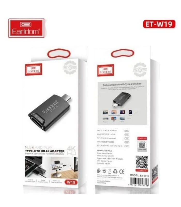 Συνδέστε τις συσκευές σας με τον προηγμένο αντάπτορα Earldom W19. Ειδικότερα, αυτός ο μετατροπέας αλλάζει τη θύρα Type-C του κινητού ή του υπολογιστή σας σε έξοδο HDMI. Έτσι, προβάλλετε την οθόνη σας σε οποιαδήποτε τηλεόραση ή μόνιτορ με χαρακτηριστική ευκολία. Παράλληλα, μοιράζεστε τις παρουσιάσεις ή τις αγαπημένες σας ταινίες σε μεγάλη οθόνη χωρίς καμία καθυστέρηση.
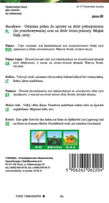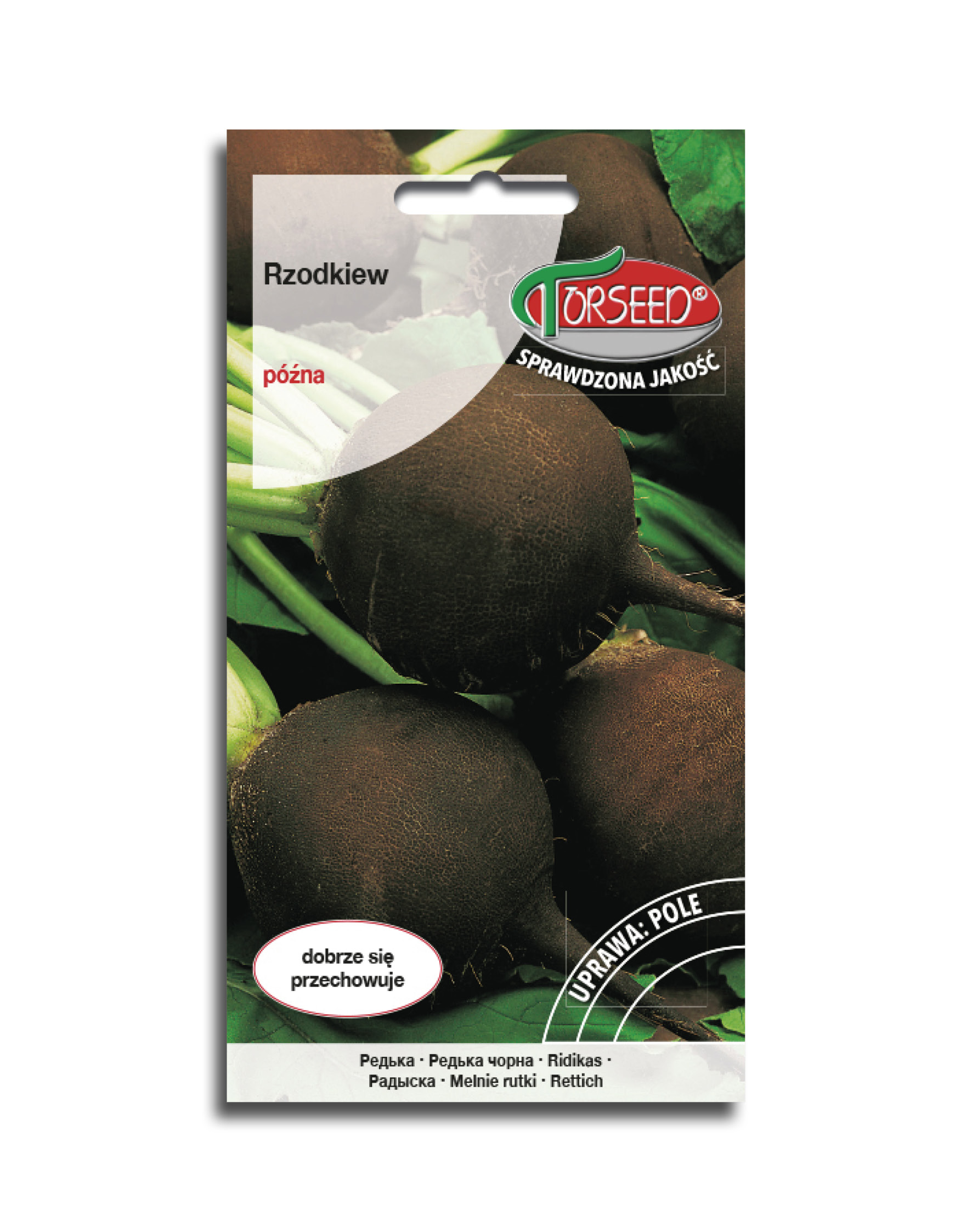 Rzodkiew czarna Runder Schwarzer Winter to tradycyjna, późna odmiana rzodkwi, szczególnie ceniona za intensywny smak, wysoką trwałość i odporność na zimowe warunki. Jej korzenie są okrągłe, średniej wielkości, o charakterystycznej, głęboko czarnej skórce, która naturalnie chroni miąższ. Biały miąższ korzenia jest soczysty, kruchy i ma wyrazisty, ostry smak, doskonale sprawdzający się w kuchni oraz w medycynie naturalnej.
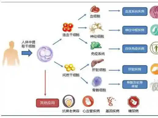 在我们身体里,有一部分细胞属于干细胞,该细胞仍能够继续分化和增多,分化出其他不同的细胞。比如:造血干细胞可以分化为神经细胞,体细胞等。
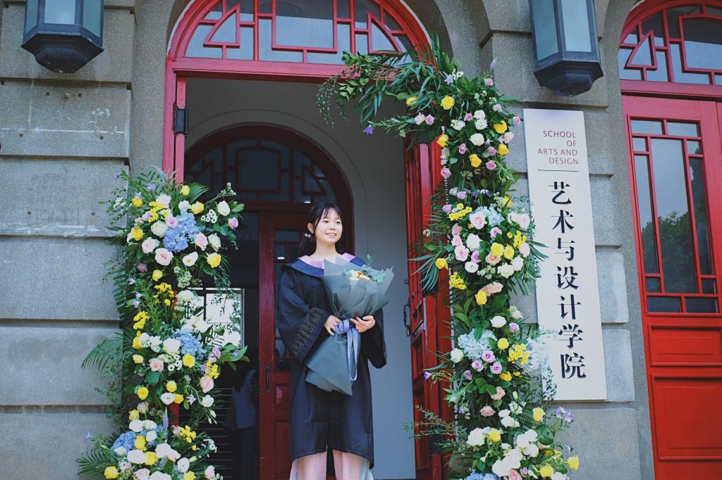 花瓣落下,飘零四方。翩纤玉手,携作花廊。兮兮揖别,襟沾阑干。花间绚烂,逾尔长青。告别并不只有伤情,就用鲜花和青理说再见吧。祝愿2019届毕业生们前程似锦,美梦成真。(撰稿:舒文;审核:徐佐君)
● ● ● ●
## Exercise description:
Take the data above and set it down exactly, images excluded.

## Final answer:
 Συνδέστε τις συσκευές σας με τον προηγμένο αντάπτορα Earldom W19. Ειδικότερα, αυτός ο μετατροπέας αλλάζει τη θύρα Type-C του κινητού ή του υπολογιστή σας σε έξοδο HDMI. Έτσι, προβάλλετε την οθόνη σας σε οποιαδήποτε τηλεόραση ή μόνιτορ με χαρακτηριστική ευκολία. Παράλληλα, μοιράζεστε τις παρουσιάσεις ή τις αγαπημένες σας ταινίες σε μεγάλη οθόνη χωρίς καμία καθυστέρηση.
 Rzodkiew czarna Runder Schwarzer Winter to tradycyjna, późna odmiana rzodkwi, szczególnie ceniona za intensywny smak, wysoką trwałość i odporność na zimowe warunki. Jej korzenie są okrągłe, średniej wielkości, o charakterystycznej, głęboko czarnej skórce, która naturalnie chroni miąższ. Biały miąższ korzenia jest soczysty, kruchy i ma wyrazisty, ostry smak, doskonale sprawdzający się w kuchni oraz w medycynie naturalnej.
 在我们身体里,有一部分细胞属于干细胞,该细胞仍能够继续分化和增多,分化出其他不同的细胞。比如:造血干细胞可以分化为神经细胞,体细胞等。
 花瓣落下,飘零四方。翩纤玉手,携作花廊。兮兮揖别,襟沾阑干。花间绚烂,逾尔长青。告别并不只有伤情,就用鲜花和青理说再见吧。祝愿2019届毕业生们前程似锦,美梦成真。(撰稿:舒文;审核:徐佐君)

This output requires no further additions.